Quinto conto energia, arriva la sonora bocciatura di Assosolare

Pannelli_fotovoltaici_sliderSecondo l’associazione il decreto sugli incentivi per il fotovoltaico è unicamente punitivo

 

ROMA – Sui due decreti ministeriali che definiscono i nuovi incentivi per il fotovoltaico (cd. quinto Conto energia) e per le altre fonti rinnovabili non fotovoltaiche (idroelettrico, geotermico, eolico, biomasse, biogas), arrivano i primi pareri delle associazioni di categoria.

Mentre la nota del ministero parla di “importanti modifiche migliorative che hanno tenuto conto dei pareri dell’Autorità per l’energia e della Conferenza Unificata, di specifiche mozioni parlamentari e di suggerimenti di associazioni di categoria”, proprio quest’ultime puntano il dito sul provvedimento  giudicato unicamente ‘punitivo’. “Ancora una volta, sottolinea l’associazione di punta delle imprese  fotovoltaiche, Assosolare, il sistema paese rinuncia ad una politica energetica e non valorizza una filiera industriale”. Secondo Assosolare, il settore fotovoltaico, rimasto palesemente inascoltato, riponeva le ultime speranze nell’accoglimento delle richieste avanzate dalle Regioni. Ma paradossalmente da queste sembrano essere scaturiti aggiustamenti peggiorativi anche rispetto alle bozze circolate lo scorso aprile.

In primis naturalmente le tariffe, ulteriormente ridotte. Gli operatori si troveranno così ad affrontare una decurtazione del 50% rispetto a quanto si prospettava con il Quarto Conto Energia che sarebbe dovuto rimanere valido sino al 2014.

Ma il problema per la filiera industriale delle rinnovabili non si ferma qui. Basta leggere le regole di accesso alle tariffe con il Registro obbligatorio per impianti di potenza superiore ai 12 kW, per capire che le intenzioni “di semplificazione” burocratica, espresse nel decreto, risultano ampiamente smentite. Il GSE sarà nuovamente sommerso da migliaia di richieste per piccoli impianti: tutto il settore delle piccole e medie aziende, che stavano valutando la realizzazione di un impianto o di valorizzare le proprie coperture, si troveranno ben poche banche disposte a finanziarle.

L’intera struttura del provvedimento genera inoltre incertezza sul risultato finale: accesso e dimensione delle tariffe. Gli impianti cioè si potranno realizzare con capitali propri, ma il debito bancario dovrà aspettare la firma della Convenzione con il GSE con le tempistiche conseguenti: ma questo sarà l’unico modo per avere certezza dei ricavi futuri.

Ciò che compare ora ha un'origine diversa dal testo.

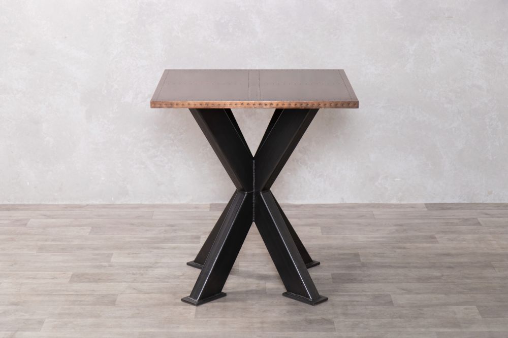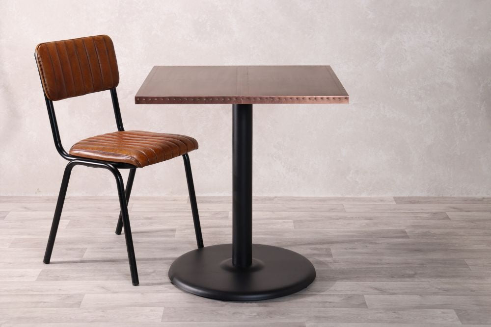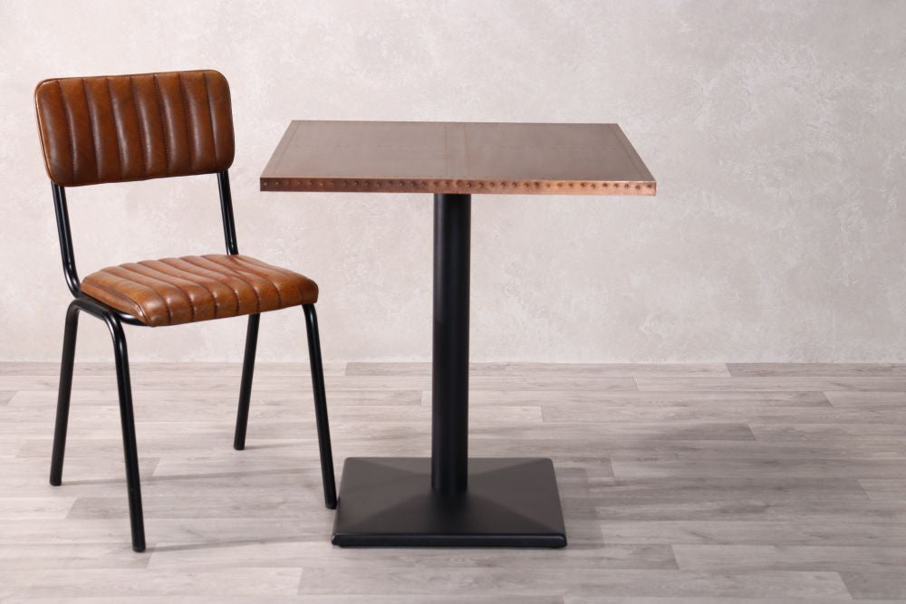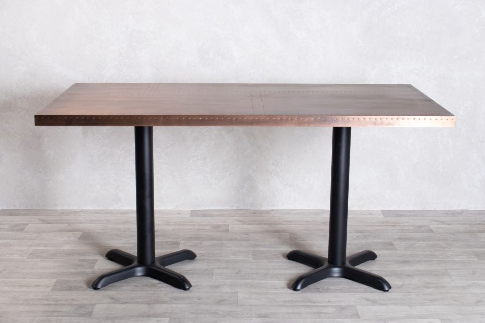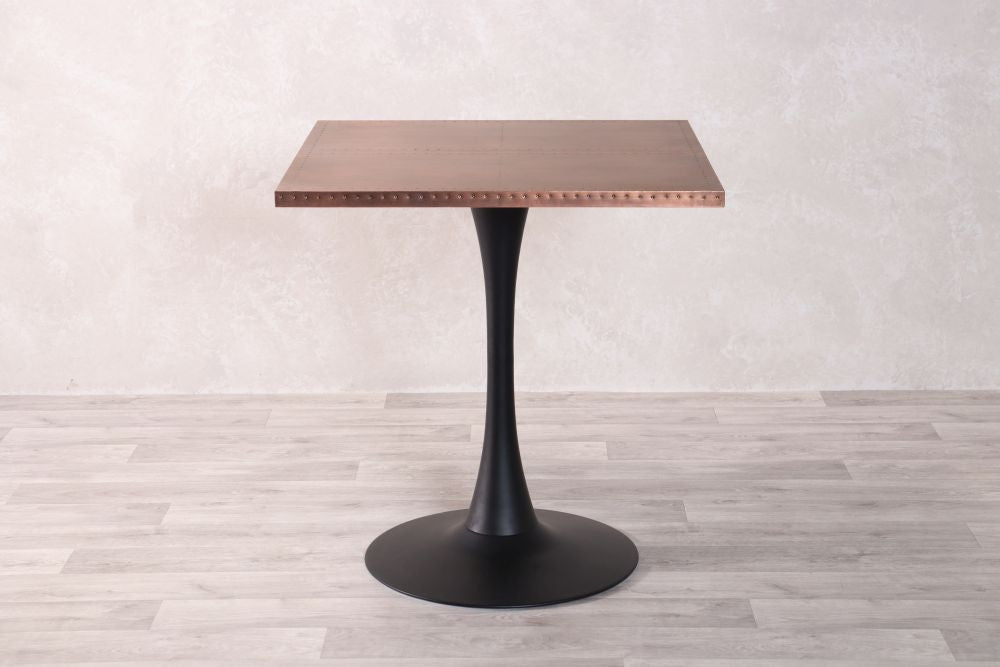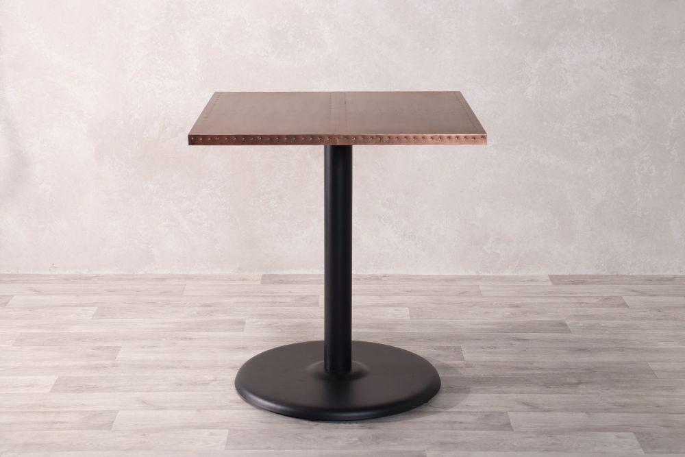 Add a stylish edge to your restaurant, bar, or café with our Copper Top Café Table. These rustic tables are beautifully made with high quality copper with stud detailing on the edges. The tables can also be paired with a range of our bases that best suit your interior aesthetic.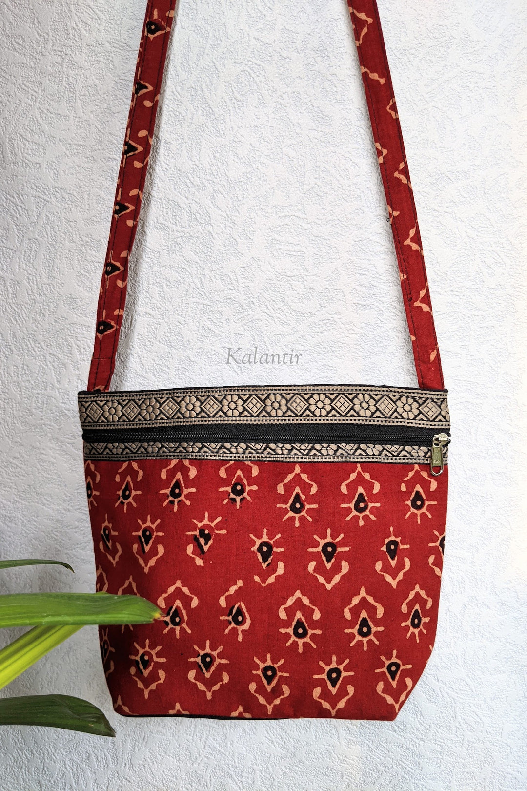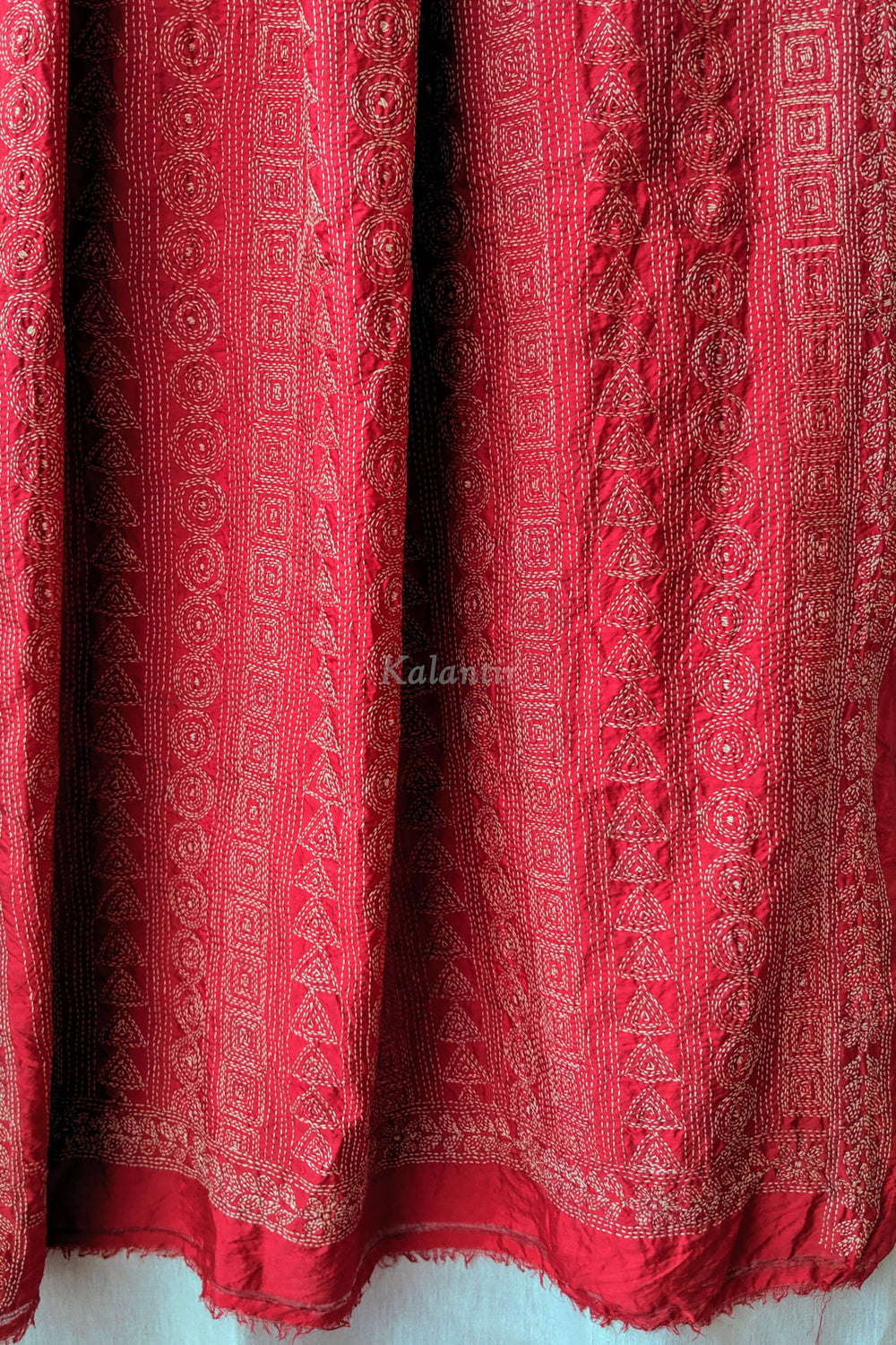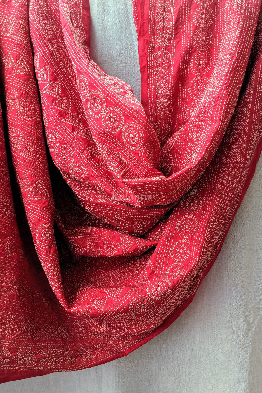 Authentic Hand-embroidered Kantha Silk Dupatta in Red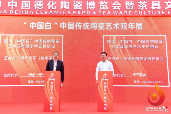 展會(huì)期間主會(huì)場(chǎng)舉辦了多場(chǎng)簽約、授牌儀式等專業(yè)活動(dòng),包括德化縣陶瓷發(fā)展委員會(huì)與清華大學(xué)美術(shù)學(xué)院簽訂“”中國(guó)傳統(tǒng)陶瓷藝術(shù)雙年展學(xué)術(shù)支持合作協(xié)議、中國(guó)茶葉流通協(xié)會(huì)授予中國(guó)茶具城“最具潛力中國(guó)茶具交易市場(chǎng)”授牌儀式、2020“何朝宗杯”中國(guó)(德化)陶瓷工業(yè)設(shè)計(jì)大賽首批戰(zhàn)略合作企業(yè)授權(quán)儀式、“云上一會(huì)一節(jié)” 平臺(tái)上線及系列專場(chǎng)商貿(mào)對(duì)接會(huì)。系列活動(dòng)對(duì)提升德化陶瓷產(chǎn)業(yè)產(chǎn)學(xué)研水平、加快大賽設(shè)計(jì)成果對(duì)接企業(yè)轉(zhuǎn)化落地、企業(yè)探索新營(yíng)銷渠道以及提升茶具專業(yè)市場(chǎng)品牌具有重要意義。
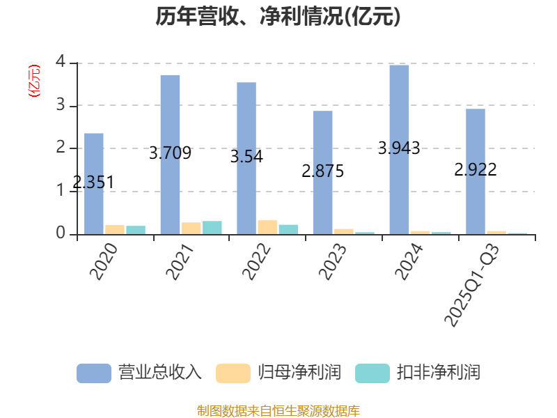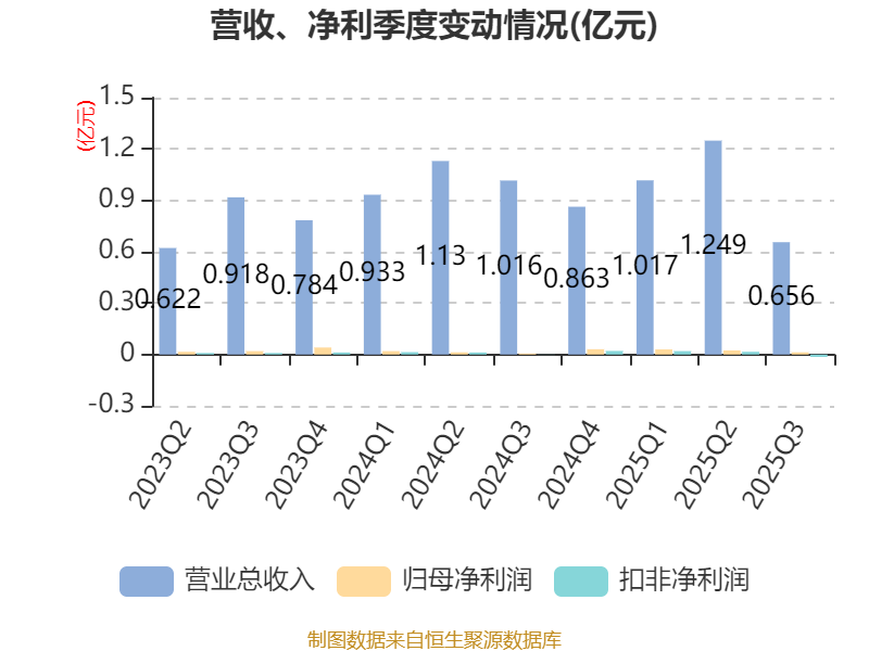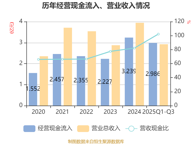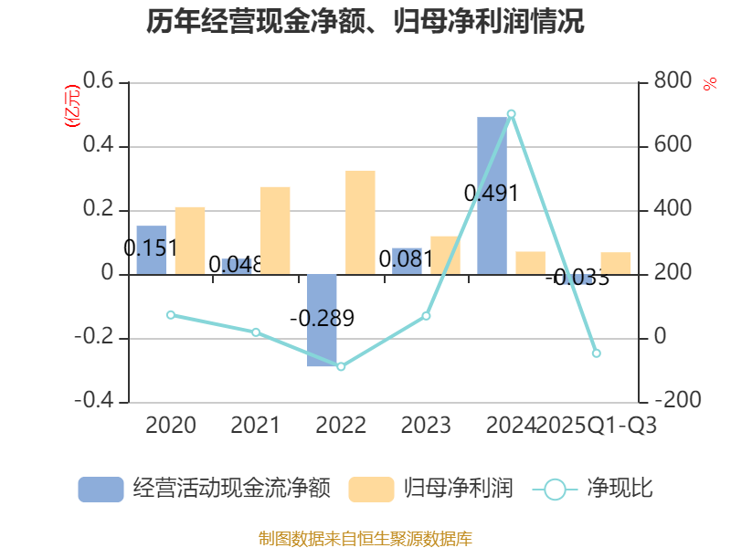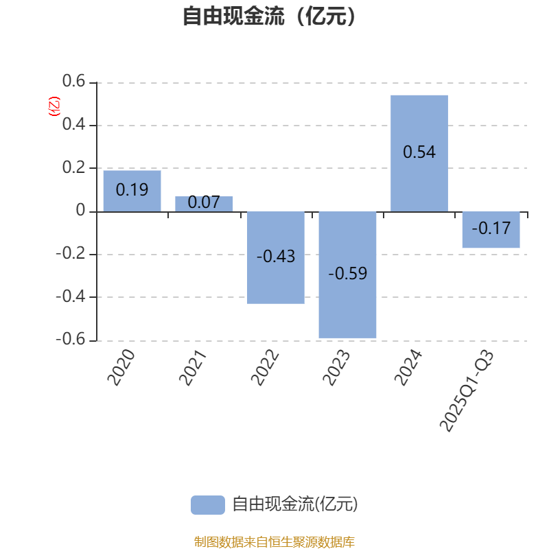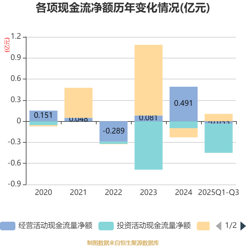 2025年前三季度,公司经营活动现金流净额为-326.14万元,同比减少2698.05万元;筹资活动现金流净额1049.72万元,同比增加2272.82万元;投资活动现金流净额-4160.51万元,上年同期为1616.62万元。

Capitolo a parte meritano le norme per i grandi impianti. In particolare per quelli di potenza superiore ad 1 MW una “grid parity obbligata” con la scelta di ricavare il corrispondente valore del “prezzo zonale orario” al posto della tariffa onnicomprensiva dal GSE, soprattutto nelle regioni del sud. Una norma che vedrà ulteriormente appesantito il GSE (che tra l’altro riceverà un contributo dai soggetti promotori che faranno richiesta di iscrizione al Registro) e che creerà ulteriore incertezza nella pur bassa redditività degli investimenti.

Se si fosse voluto favorire lo sviluppo di un mercato senza incentivi, si doveva necessariamente accompagnare queste misure con una profonda ristrutturazione del mercato elettrico italiano, riconoscendo per tempo che è in atto una profonda trasformazione per effetto dello sviluppo sia del fotovoltaico che delle altre fonti energetiche rinnovabili.

In un momento di generale crisi, non ci si aspettava un provvedimento unicamente “punitivo”, ma un “riequilibrio” sul fronte del sostegno a soluzioni innovative nel settore dell’accumulo e della programmabilità degli impianti fotovoltaici, più volte richiesto non solo da Assosolare nel passato.